── DATA SEGMENT ──

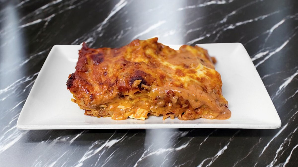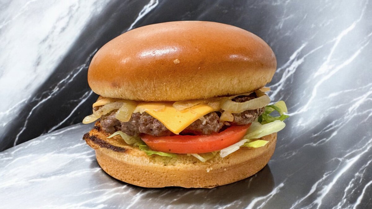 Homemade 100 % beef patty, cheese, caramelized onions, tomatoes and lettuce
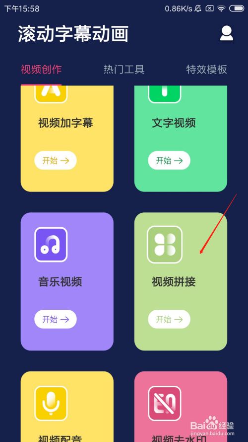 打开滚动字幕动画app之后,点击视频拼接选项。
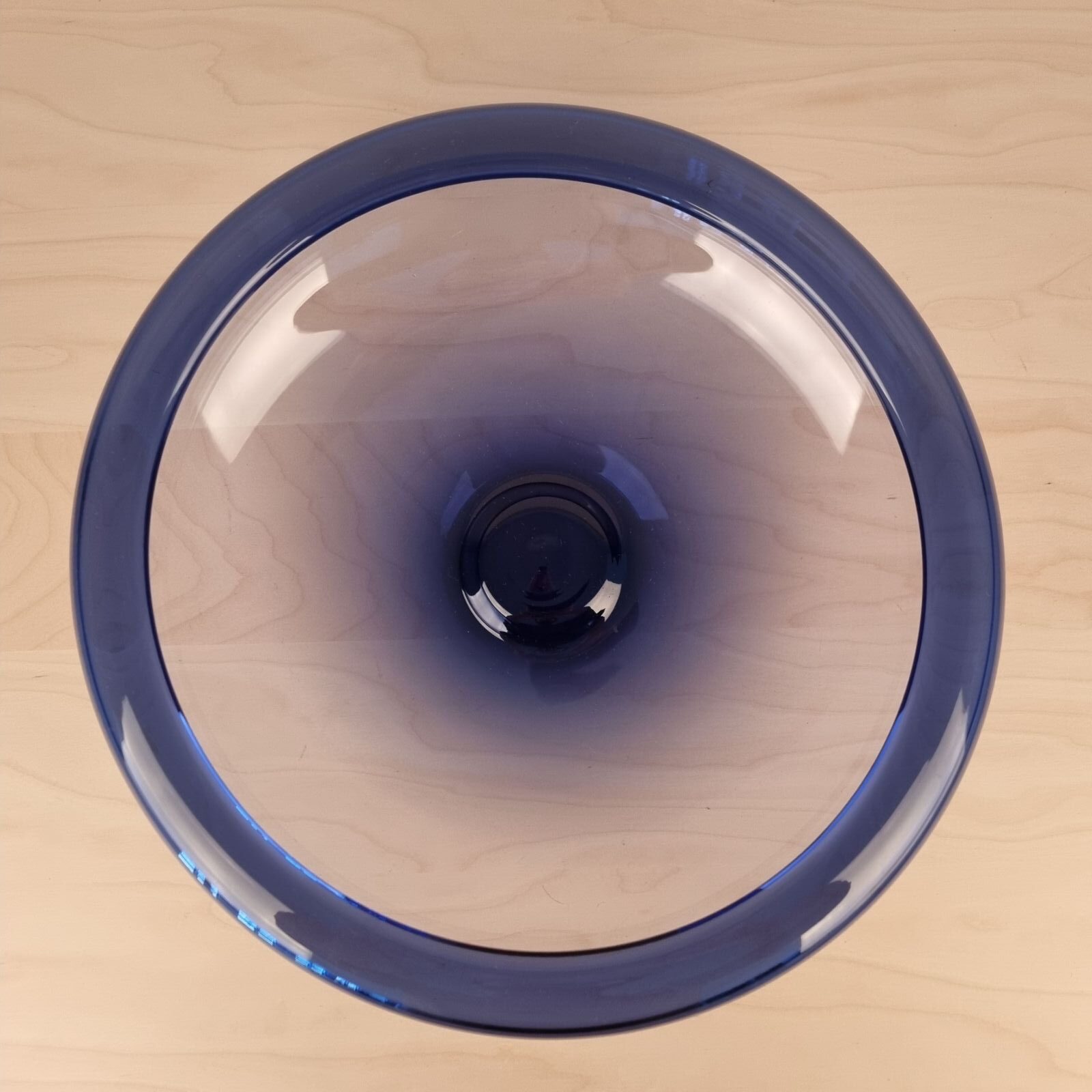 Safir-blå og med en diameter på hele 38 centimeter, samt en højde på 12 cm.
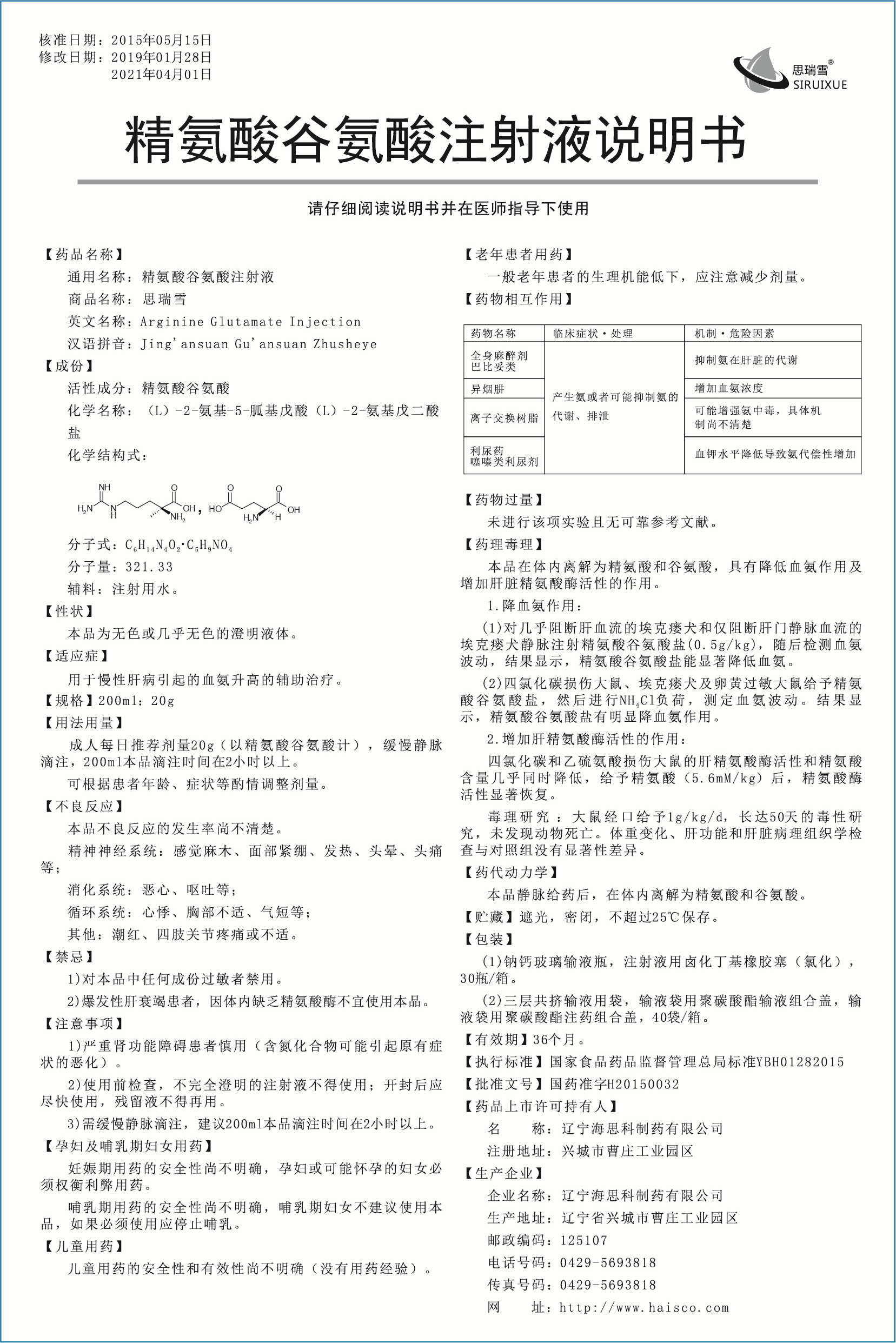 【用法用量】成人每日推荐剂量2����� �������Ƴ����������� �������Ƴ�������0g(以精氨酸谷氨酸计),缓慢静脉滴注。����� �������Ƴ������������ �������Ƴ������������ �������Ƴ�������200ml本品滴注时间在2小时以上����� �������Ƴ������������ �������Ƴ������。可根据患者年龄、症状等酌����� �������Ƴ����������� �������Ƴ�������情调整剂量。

───

**TASK REQUIREMENTS**
Print the listing verbatim, images excluded.

**FINISHED TASK**
 Homemade 100 % beef patty, cheese, caramelized onions, tomatoes and lettuce
 打开滚动字幕动画app之后,点击视频拼接选项。
 Safir-blå og med en diameter på hele 38 centimeter, samt en højde på 12 cm.
 【用法用量】成人每日推荐剂量2����� �������Ƴ����������� �������Ƴ�������0g(以精氨酸谷氨酸计),缓慢静脉滴注。����� �������Ƴ������������ �������Ƴ������������ �������Ƴ�������200ml本品滴注时间在2小时以上����� �������Ƴ������������ �������Ƴ������。可根据患者年龄、症状等酌����� �������Ƴ����������� �������Ƴ�������情调整剂量。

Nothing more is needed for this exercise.